第七十八章驯服她
程礼信几人下狱的消息传到镇北侯府时。
裴庭宴正在书房批阅文书。
他握着笔的手微微一顿,墨迹在宣纸上洇开一小团。
随即他神色如常地换了张纸,仿佛只是听到一件无关紧要的琐事。站在下首的心腹却清楚看见,侯爷敛眸时,眼底一闪而过的阴郁。
那些罪证。。。。。。
是他耗费数年心力,一点一滴搜集而来。
每一桩命案,每一笔冤狱,裴庭宴都知之甚详。那是他准备用来拿捏程家,乃至牵制太后的筹码。如今却被沈云初轻飘飘地摊在御前,成了定罪的铁证。
程家出事。
程氏女入主中宫的盘算自然也落了空。
此刻,裴庭宴只觉一股郁气堵在胸口!
他放下笔,指节无意识地在案几上轻轻叩击。那些证据藏得极为隐秘,除了他与几个心腹,绝无外人知晓。
沈云初是怎么拿到的?
她离府不过月余,何时有了这样的本事?
还是说。。。。。。她背后另有其人?
她还知道些什么?
裴庭宴忽然想起那日破庙外,她身边多了两个会武功的丫鬟。他眸光沉了沉,推开椅子站起身。
“备马车!”
静月居的庭院里栽了几株晚梅,此刻开得正寂寥。
沈云初披着件雪青色的斗篷,站在廊下看琥珀煎药。小泥炉上药罐咕嘟咕嘟地响,苦涩的气味弥散在清冷的空气里。
她神色有些倦怠,像是没睡好。
听见门外车马声响时,她连眼皮都未抬。
门房拦不住他,裴庭宴踏进院子,看到的便是这幅情景。
她慵懒地倚在廊柱边,侧脸在淡薄的天光里显得格外白皙,也格外疏离。
他脚步顿了顿,才缓步走过去。
“嫂嫂闲度浮生半日?”
裴庭宴开口。
沈云初这才转过头,看了他一眼。
“侯爷怎么来了?”
沈云初有些厌烦的口吻,“再不把裴思雨接回府,她要性命不保了。
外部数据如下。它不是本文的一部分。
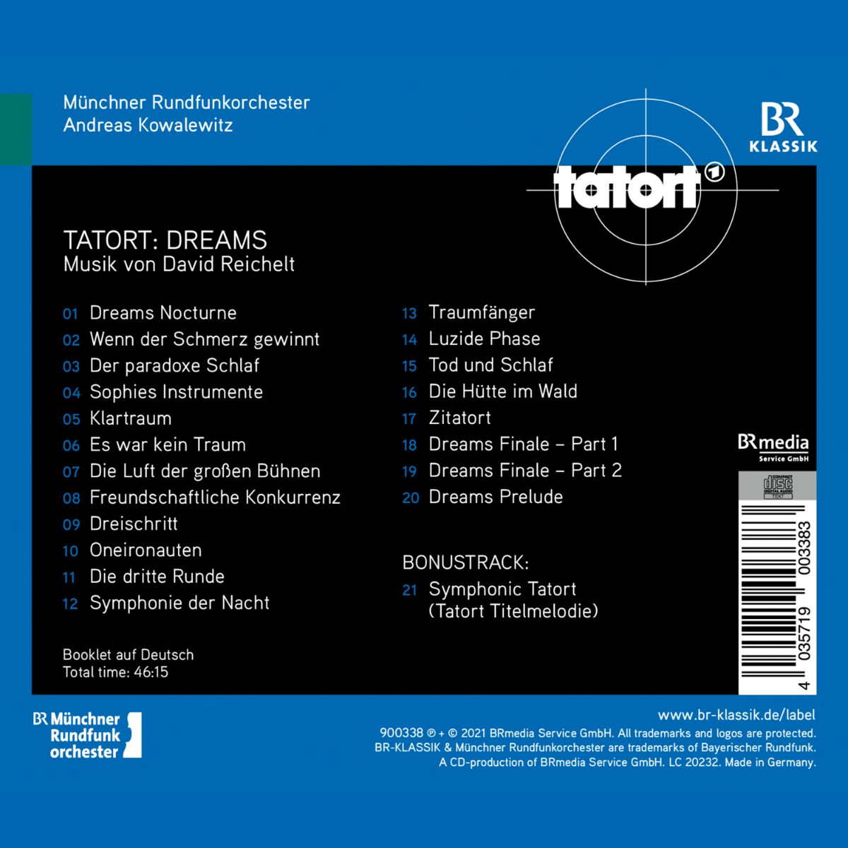 Für den Münchner Tatort „Dreams“, dem mittlerweile 87. Fall der Kommissare Leitmayr und Batic, hat der zweifach mit dem Deutschen Filmmusikpreis ausgezeichnete Münchner Komponist David Reichelt die Musik geschrieben; das Münchner Rundfunkorchester unter Leitung von Andreas Kowalewitz hat sie eingespielt. Das Orchester spielt auch im Fernsehfilm eine nicht unwichtige Rolle, dort steht freilich der Chefdirigent Ivan Repuši? selbst am Pult. Reichelts Musik bewegt sich im Klanggewand der traditionellen symphonischen Musik; darüber hinaus ist die Partitur auch mit modernen Klängen, etwa Samples und elektronischen Elementen, angereichert.

”
裴庭宴像是没听出她话里的讥诮。
他往前走,停在离她三步远的地方。
“思雨现在贵为县主之尊,断不会再出事。”
他淡淡道,“我只是好奇,关于程家的那些罪证,嫂嫂是从何处得来的?有些陈年旧案,连刑部的卷宗都未必齐全!”
沈云初轻轻笑了一声。
她侧了侧身,示意琥珀将煎好的药倒出来。褐色的药汁注入白瓷碗,腾起氤氲的热气。
“侯爷是好奇程家的罪证,”
她端起药碗,垂眸吹了吹,“还是好奇,我怎么知道的?”
裴庭宴眸光微凝。
他没有接话,只静静看着她。
廊下的风拂过,扬起她颊边一缕碎发。她低头喝药时,长睫垂下,在眼睑投下淡淡的阴影。
她脆弱得欲乘风而去。
裴庭宴不自觉的往前一步,话锋一转:“你病了?”
“偶有风寒。”
沈云初放下药碗,用帕子按了按唇角,“不碍事。”
昨晚忘记关窗,又惦记着几处孤坟。
沈云初也才十九,有所松懈后便病倒了。